Muerto el comandante parlanchín, héroe de la cursilería nacional, nos dejó como heredero a Nicolás Maduro, un sujeto con hipotimia, desangelado pero sin el más mínimo temor al ridículo. Sin embargo, Maduro resultó excelente para los mandados solicitados desde Cuba. Desde la Isla le prestaron sus héroes ante las dudas surgidas frente al héroe momificado. Hubo un tiempo en que procuraron convertir a Danilo Anderson en su principal mártir heroico, pero una condenada máquina de contar billetes hallada en su apartamento recién adquirido hizo muy difícil la tarea. Algo parecido ocurrió con Robert Serra, un perverso totalmente inútil para crear retablos.

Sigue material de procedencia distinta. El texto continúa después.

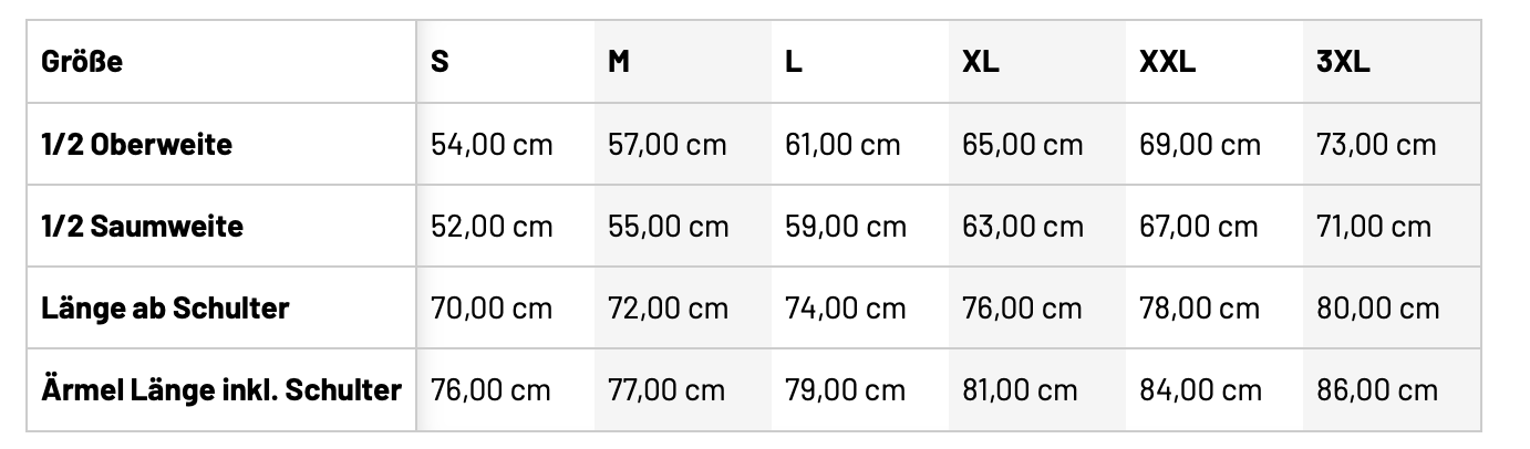 Größentabelle

A pesar del abono prestado por la cursilería bolivariana y novelesca, nada fácil ha resultado convertir en héroes a los pillos contumaces. Su anacronismo y ridiculez ostensibles quedan desnudos con sus prácticas reales y tangibles. Aparentar una cosa y ser otra, se pone de bulto con la actuación de los próceres del ridículo. De nada vale el empeño para convertir a los actuales milicos en los actores de la segunda parte de un culebrón revolucionario, con tantos capítulos que se habría iniciado en el siglo XIX. De hecho, los milicos nacionales se presumen como el ejército heredero de la gloria del Libertador, y Padrino López sufre delirios en los que cree ver a Chávez blandiendo la espada de Bolívar cada 4 de febrero. Se consideran a sí mismos, los receptores del fuego sagrado de nuestro Prometheus. Los sumos sacerdotes son aquellos oficiales expertos en batallas asimétricas bajo el rigor del aire acondicionado o bajo el fuego inclemente de la rutina burocrática. Ni hablar de los matraqueros de autopista, expertos en mordidas en nombre de los más caros intereses de la patria. Cualquier lugar es bueno para ejercer el culto a los bolívares.

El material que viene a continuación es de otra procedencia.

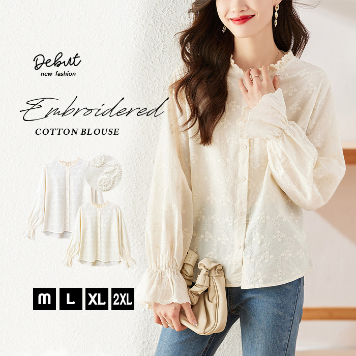 長袖 ブラウス 森ガールのナチュラルな風合い 程よいの長さは、様々なシーンで活躍できるアイテム 毎日着たくなる着心地の良い素材

Parece simple metáfora: Quién podría imaginar que la cursilería sensiblera de Félix Benjamín Caignet, un cubano notable, habría de aliarse al culto religioso bolivariano para destruir al país de Bolívar con la imposición de un modelo político, cubano por añadidura. Y por si fuera poco, a falta de héroes nacionales, debemos conformarnos con los prestados por la gesta heroica isleña. ¡Fidel, El Che, Raúl! vaya cursilería revolucionaria para una pandilla que no logra superar su propio ridículo.

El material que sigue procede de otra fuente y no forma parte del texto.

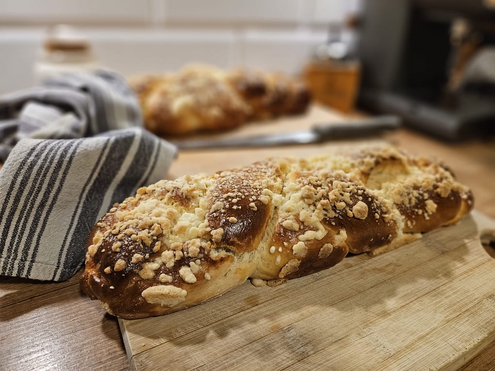 Jest biała mąka i masło, czyli to co lubię najbardziej 🙂 Ten słodki chlebek kojarzy mi się z dzieciństwem, spokojem i beztroską. Chałka wychodzi puszysta i z posypką. Znakomicie sprawdzi się jako śniadanie do szkoły dla dzieciaków, ale też jako deser czy alternatywa dla zwykłego pieczywa. Z tego przepisu otrzymujemy dwie chałki, mieszczące się w dużej formie do ciasta.

Sin embargo, ¿por qué su éxito?, ¿cómo poder explicar el reiterado fracaso de quienes abominan la cursilería de baratillo desplegada por la Revolución? Sólo a modo de hipótesis se nos ocurre señalar la estrecha conexión existente entre la cursilería y el sentimentalismo de nuestra época. Ambas expresiones humanas se asocian en tiempos en los cuales más importante que la verdad y la razón, es el sentir. A partir del 4 de febrero de 1992, la política venezolana ha permanecido amarrada a los sentimientos, a favor o en contra de la cursilería revolucionaria. Lo de menos es la pasionalidad desbordada y la causa que se defiende. Lo de más está en un hecho confirmado: se esgrimen los sentimientos sin miedo a la cursilería, aunque se carezca de razones. No por casualidad procuramos la lástima del mundo, convencidos de que una lágrima pesa más que un argumento. Así va el mundo. Optamos por implorar y rogar en lugar de afrontar la tiranía con todo lo que se tenga a la mano.